In my previous article, I explained several features of VMProtect. While the obfuscation techniques employed by VMProtect are not particularly advanced, its extremely redundant mechanisms still require significant time to analyze. As analysts, we often need to identify where Windows API calls are made and which APIs are being called. To address this, I created a simple tool that extracts API calls using trace data from the well-known disassembly tool, IDA. This tool allows us to identify the addresses of API calls during the execution of a process, as well as the names of the called APIs.

Restrictions:

This is an article about the analysis of a packer, believed to be VMProtect, found in “PrivateLoader”. There remains the possibility that this malware disguised the packer it is using.
The version of the packer is unknown. Latest or older versions may have different functionality.

Malware hash:

MD5: F6570495946923AA4D1467FDBAFBC2F6
SHA1: A0390712FE78C98DB97DC7CCAEA6E0929F548C95

Tool (on Github):

https://github.com/Sachiel-archangel/VMProtect_TraceParser

Tool overview

When analyzing a packer that appears to be VMProtect, static analysis faces several challenges. In this packer, the main code runs in the .text section. However, the .text section of the packed executable code is filled with 0x00, and during the initial processing of the code, the section is stored the decrypted code. Additionally, when calling Windows APIs from the .text section, it goes through the .vmp0 section for obfuscation. As a result, the ImportTable is not used, making it unclear which Windows APIs are being called from the .text section. For more details on these techniques, please refer to the previous article.

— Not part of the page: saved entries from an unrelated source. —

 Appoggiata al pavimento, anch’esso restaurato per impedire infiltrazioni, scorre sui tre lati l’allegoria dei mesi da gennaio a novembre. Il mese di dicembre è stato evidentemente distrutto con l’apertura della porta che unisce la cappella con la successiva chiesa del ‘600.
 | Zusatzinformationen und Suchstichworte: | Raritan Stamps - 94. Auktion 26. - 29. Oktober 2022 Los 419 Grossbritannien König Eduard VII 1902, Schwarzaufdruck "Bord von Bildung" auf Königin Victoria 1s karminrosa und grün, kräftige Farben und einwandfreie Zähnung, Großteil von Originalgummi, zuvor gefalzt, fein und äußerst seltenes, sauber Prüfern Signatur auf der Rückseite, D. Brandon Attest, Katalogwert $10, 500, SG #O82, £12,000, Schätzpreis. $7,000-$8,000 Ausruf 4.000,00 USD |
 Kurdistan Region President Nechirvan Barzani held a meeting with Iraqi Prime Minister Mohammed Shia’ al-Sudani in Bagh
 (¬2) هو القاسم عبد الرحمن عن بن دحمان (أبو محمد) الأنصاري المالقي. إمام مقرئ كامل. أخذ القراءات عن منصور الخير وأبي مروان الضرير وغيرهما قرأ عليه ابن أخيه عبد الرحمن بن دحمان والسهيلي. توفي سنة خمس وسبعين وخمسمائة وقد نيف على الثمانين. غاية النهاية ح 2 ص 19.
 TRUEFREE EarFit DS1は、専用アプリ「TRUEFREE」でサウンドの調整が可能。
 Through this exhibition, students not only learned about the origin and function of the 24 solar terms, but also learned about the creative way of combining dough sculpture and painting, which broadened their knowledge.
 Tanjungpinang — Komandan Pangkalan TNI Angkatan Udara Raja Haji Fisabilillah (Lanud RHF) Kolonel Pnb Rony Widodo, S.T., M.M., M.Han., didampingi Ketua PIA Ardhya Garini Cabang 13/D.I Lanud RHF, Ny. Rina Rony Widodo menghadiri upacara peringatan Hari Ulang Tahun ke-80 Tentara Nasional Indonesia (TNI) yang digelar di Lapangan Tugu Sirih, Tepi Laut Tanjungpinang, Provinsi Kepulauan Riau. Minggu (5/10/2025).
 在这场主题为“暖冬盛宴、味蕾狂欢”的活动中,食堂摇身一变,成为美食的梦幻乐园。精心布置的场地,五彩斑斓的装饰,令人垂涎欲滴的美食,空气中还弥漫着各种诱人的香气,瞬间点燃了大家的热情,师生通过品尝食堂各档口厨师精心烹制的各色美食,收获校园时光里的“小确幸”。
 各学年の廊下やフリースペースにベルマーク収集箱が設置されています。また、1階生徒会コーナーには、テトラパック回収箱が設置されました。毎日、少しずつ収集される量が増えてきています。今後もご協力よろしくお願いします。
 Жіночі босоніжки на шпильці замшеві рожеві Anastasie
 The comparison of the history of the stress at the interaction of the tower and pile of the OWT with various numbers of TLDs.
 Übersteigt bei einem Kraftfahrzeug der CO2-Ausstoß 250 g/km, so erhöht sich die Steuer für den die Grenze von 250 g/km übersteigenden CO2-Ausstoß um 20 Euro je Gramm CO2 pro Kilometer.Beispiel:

I considered dynamic analysis to be a good approach to solve this issue. Instead of going through the trouble of analyzing the decryption logic and creating an unpacker, it would be better to let the software decrypt the code itself. One method of dynamic analysis is to execute the software and obtain trace logs. This approach resolves the problems of encryption and Windows API obfuscation. However, as mentioned in the previous article, this packer inserts many redundant instructions, which contaminates the trace logs. Therefore, I came up with a method to extract Windows API calls from the trace logs. The Windows API calls are characterized by starting with a call instruction in the .text section and going through the code in the .vmp0 section to call the Windows API. By identifying this pattern, we can discover pairs of call instructions in the .text section and the corresponding Windows APIs being called.

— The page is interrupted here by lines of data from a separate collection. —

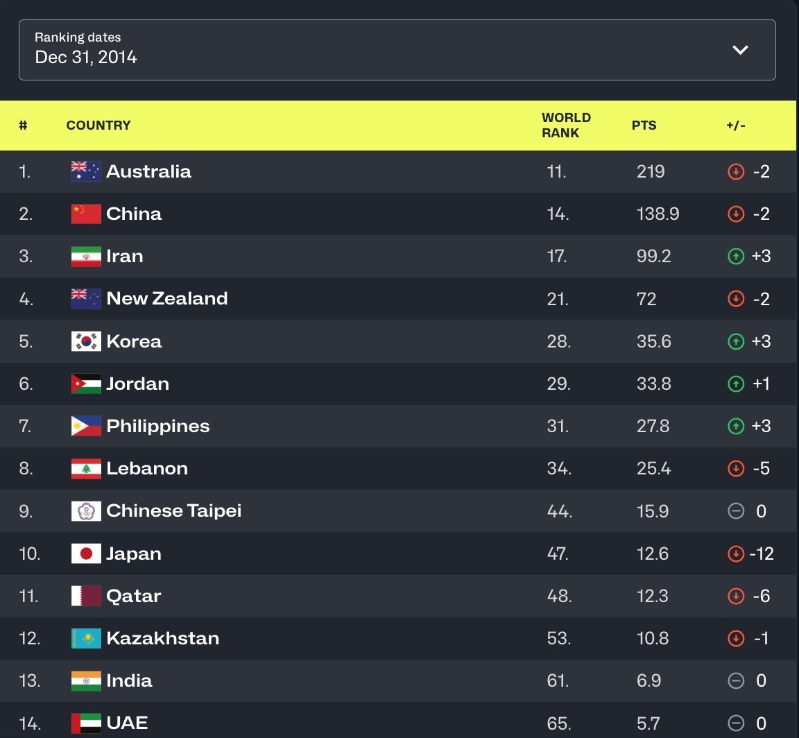 和2014年12月31号的榜单相比,亚洲主要国家男篮的变化如下:
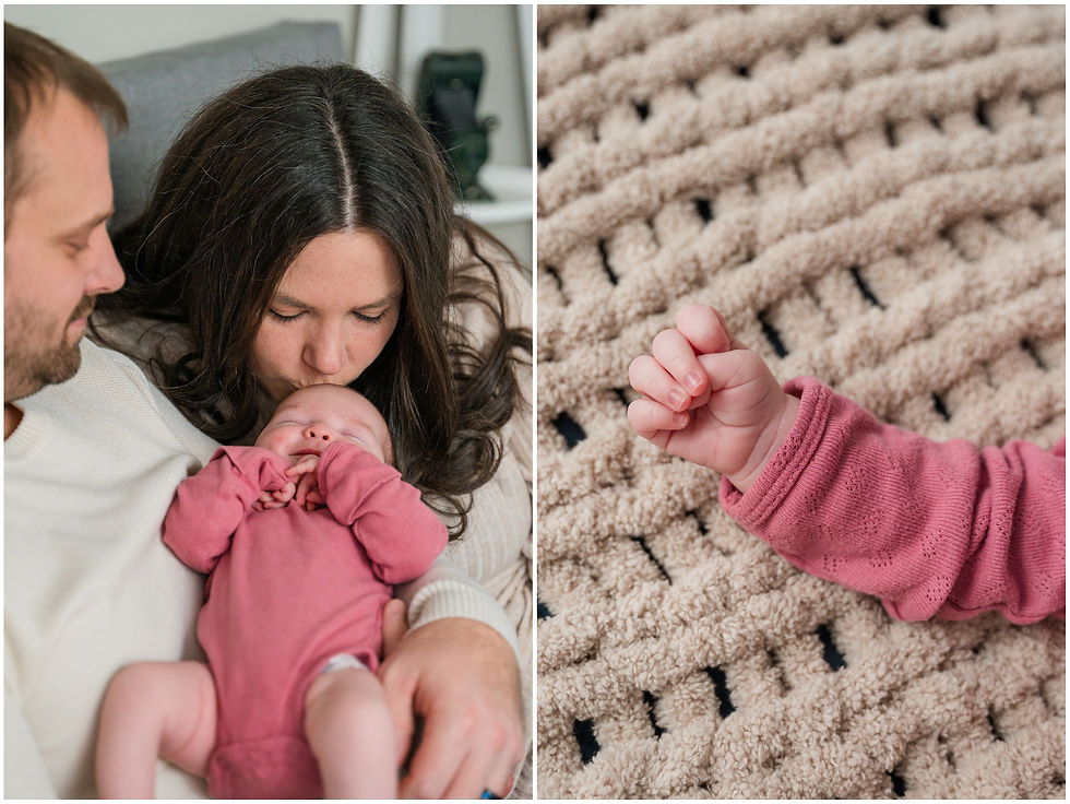 I ended 2025 with a newborn session, and began 2026 with... a newborn session! This is the adorable baby Riley and she was an absolute doll to photograph! She was the perfect little Christmas present for her momma and daddy who both just absolutely adore her. A few weeks later during her session, there were moments when Riley absolutely did not want to miss out on the fun and stayed bright eyed, but there were other moments when her slumber could not be disturbed by photos, haha! I personally love the mix of awake and sleeping baby photos and am so happy with the mix we captured here. Take a peek at some of my favorites from her newborn portraits below.
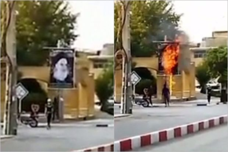 Məlumata görə, sentyabrın 23-də cümə namazından sonra qəzəbli sakinlərdən biri Ruhullah Xomeyninin evinin qarşısında asılan plakatına od vurub.

This time, I used IDA to output the trace. IDA is one of the major tools in reverse engineering. Additionally, IDA offers a Free version and a more affordable Home edition. If you want to learn malware reverse engineering, I recommend adding this tool to your toolkit.

How to Use: Step-by-Step Guide

Load malware that uses VMProtect to IDA. Then perform the following steps:

Set the debugger to stop at the entry point.
Run debugging and stop at the entry point.
Set up the trace and start tracing.
Resume debugging.
Stop at any point and obtain a trace log file.
Pick up Windows API calls by tool.

1. Set the debugger to stop at the entry point

Set the debugger to stop at the entry point in the “Debugger” menu → “Debugger setup” dialog. Check the “Suspend on process entry point”. If you’re unsure what to choose when clicking the “Debugger” menu and seeing “Select debugger”, I recommend selecting “Local Windows debugger”.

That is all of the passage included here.